I am sure you may be smelling survivorship bias here because a lot of other companies that started 50-100 years ago are now resting in their graves, but that’s not the point here. The point here is that the longer a company has been around, the higher is the ‘probability’ that it will stay around for even longer. This is because companies that manage to survive the longest – by seeing through several business cycles and competitors – are the most robust and, hence, least likely to die. And this is one important aspect you should consider while going through your investment checklist – how long a business has been in operations and how well or badly it has done during these years.
Lindy effect, however, also comes with exceptions. When using this effect as a mental model, you will need to be on the lookout for disabling technological change. Kodak and Nokia did not. In India, managers at MTNL and HMT seemed to have been too impressed by the Lindy Effect to ignore the changes that sweeping by them. For businesses to keep living, first they must be built around simple products and services that do not go through a lot of technological disruptions or changes (IBM at 105 years is an exception here) and even then, they must keep evolving. Like Britannia or Dabur of today are highly evolved versions of their earlier years.
These are helpful checkpoints for you as an investor. Excluding investors who focus solely on micro caps or penny stocks or startups, for most of us considering a long past track record of the company is paramount. A company may remain small even after 50 years of operations – largely because the industry/market it serves is small, like tractor parts, speciality chemicals, local area banking etc. but such companies may also have the probability of keep on living and prospering for another 50 years.

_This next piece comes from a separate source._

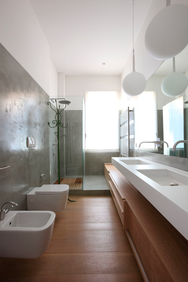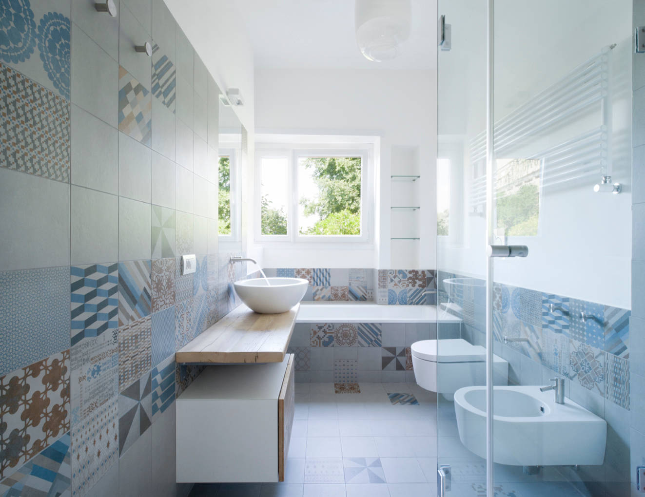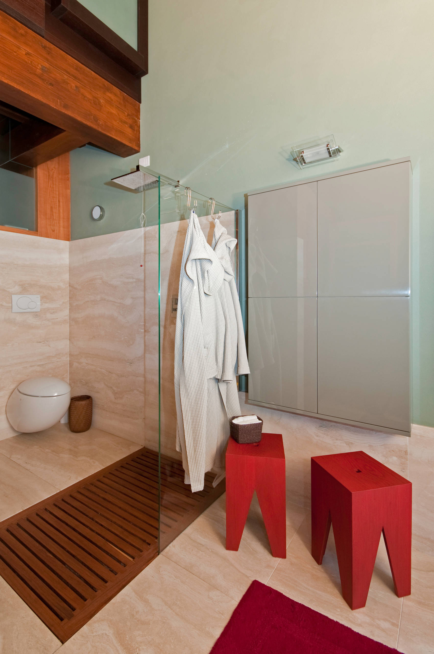 Per installare i sanitari sospesi è necessario disporre di una parete di almeno 10 cm di spessore. Niente paura se c’è il classico tramezzo da 8 cm (insufficiente): esistono soluzioni con cassetta integrata. In questo caso il muro aumenterà di spessore e potrà essere valorizzato, anche cromaticamente, come piano d’appoggio.

So a long track record of the business, and of the management is what you must look out for.
Lindy effect can help you filter out the latest overhyped management strategy from an author who is also a tenured professor at an international business school. Majority of those management theories aren’t going to survive beyond few years. In fact, odds are that the author himself will come up with another book touting his next discovery with a potential to transform the business practices all over the world.
Conclusion
So don’t get too excited about the latest revolutionary trading strategy. The odds are usually stacked against the brand new. Fifty years into future will not look like a scene from the latest sci-fi movie. We’ll still be sitting on chair, eating with spoons and using automobile (driverless or electric) for personal commute.
Things that have lasted a long time tend to last longer still.
One of the primary reasons for most people to lose money in stock market is their inability to make decisions independently. But there is class of people who have an advantage as investors because they can think independently and avoid psychological errors. Charlie Munger, the inimitable partner of Warren Buffett, heads that class.
He is one of the world’s most successful investors and known for having an interesting mind. What makes him interesting is not his success as an investor but the way he thinks and keeps his emotions under control. He thinks deeply about why things happen and works hard to learn from the experience.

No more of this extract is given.